Crime is present in various forms in Sri Lanka. Crime is segmented into two broad classifications:  grave crimes (those which are indictable) and minor crimes (those which are not). Exceptions can be made for criminal liability on the grounds of duress, insanity, intoxication, necessity, and private defense. Punishment for crime includes several options: community service, fine, forfeiture of property, imprisonment, institutional treatment, probation, suspended sentence, and death; while the death penalty is available in the country, there have been no executions since 1976. Corporal punishments (whipping) has been abolished as of 2005.

Statistics

Crimes against women and children

Sri Lanka is a participant in the prostitution industry, and most consumers of the trade in the country are foreign travellers. Nevertheless, most prostitution-related acts, such as prostitute trafficking and procuring are illegal. Prostitution has not become as severe an issue in Sri Lanka as compared to the situation in some neighbouring countries. 

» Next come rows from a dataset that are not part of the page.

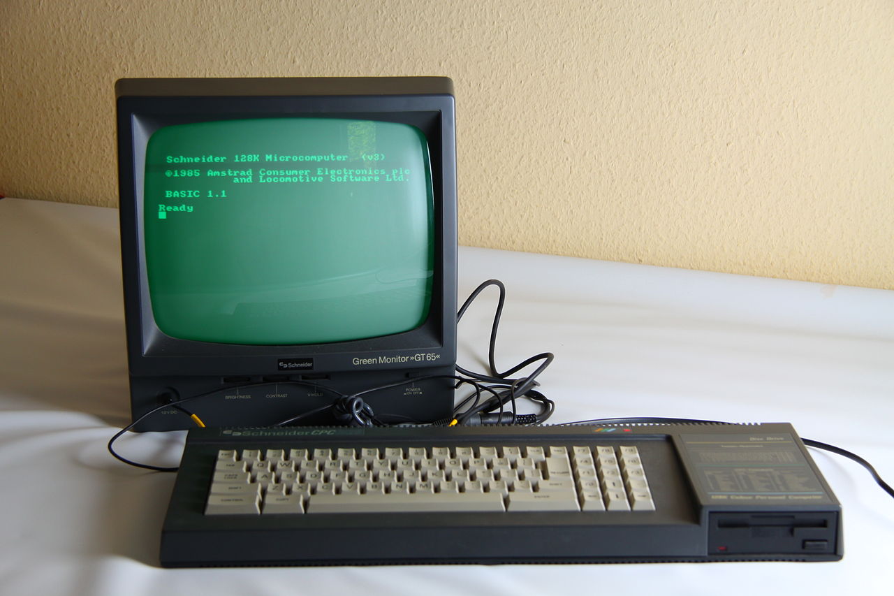 Poprzedni obrazek Następny obrazek Amstrad128 1989 – komputer Amstrad-Schneider 128 kB. Pierwszy komputer na dyskietki 3”, IBM wprowadził 3,5” dyskietki pół roku później. System operacyjny BASIC 1.1
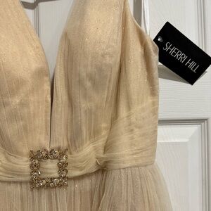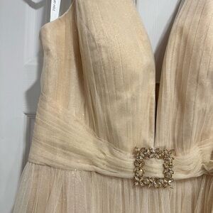 Tulle A-line with plunging deep V neckline, ruched bodice, and embellished belt buckle, four layered skirt. Color Champagne and gold
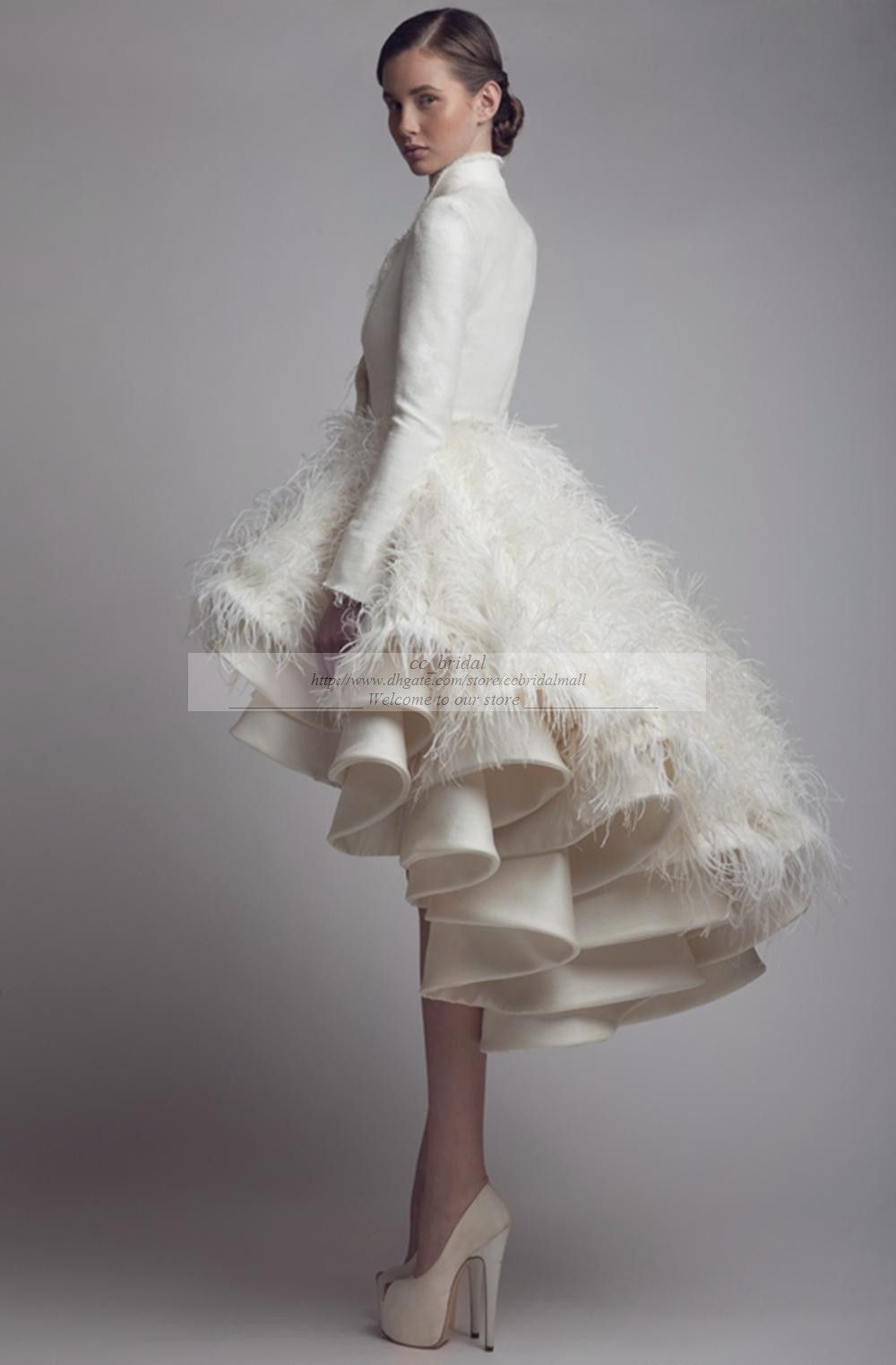 Discount Designer Krikor Jabotian High Low Wedding Dresses High Collar Ruffle Feather A Line Satin Long Sleeve Bridal Gowns Plus Size Wedding Gowns
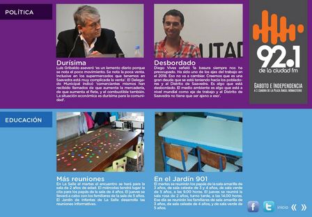 El reporte semanal de noticias de la 92.1 están disponible en Twitter como así también en Facebook.
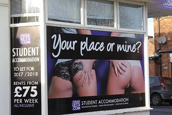 最近在英國的一則學生套房租屋廣告引起爭議,廣告大大地放上兩位正妹的屁股,挑逗性的廣告詞引起批判和反彈,廣告主表示,將考慮提前撤換。

Child trafficking is a problem in Sri Lanka. Most children trafficked are treated unfairly, unwillingly and inhumanely turned into pornographic film actors or sex slaves.

Corruption

Corruption is prevalent in Sri Lanka. Cited as "one of the most corrupt nations in the world" by Lakshman Indranath Keerthisinghe of the Lanka Standard, there have been instances in which law enforcers take bribes from offenders who wish to have their offences waived. The government has made an effort to curb corruption in the country and a handful of corrupt individuals have been arrested and appropriately charged. 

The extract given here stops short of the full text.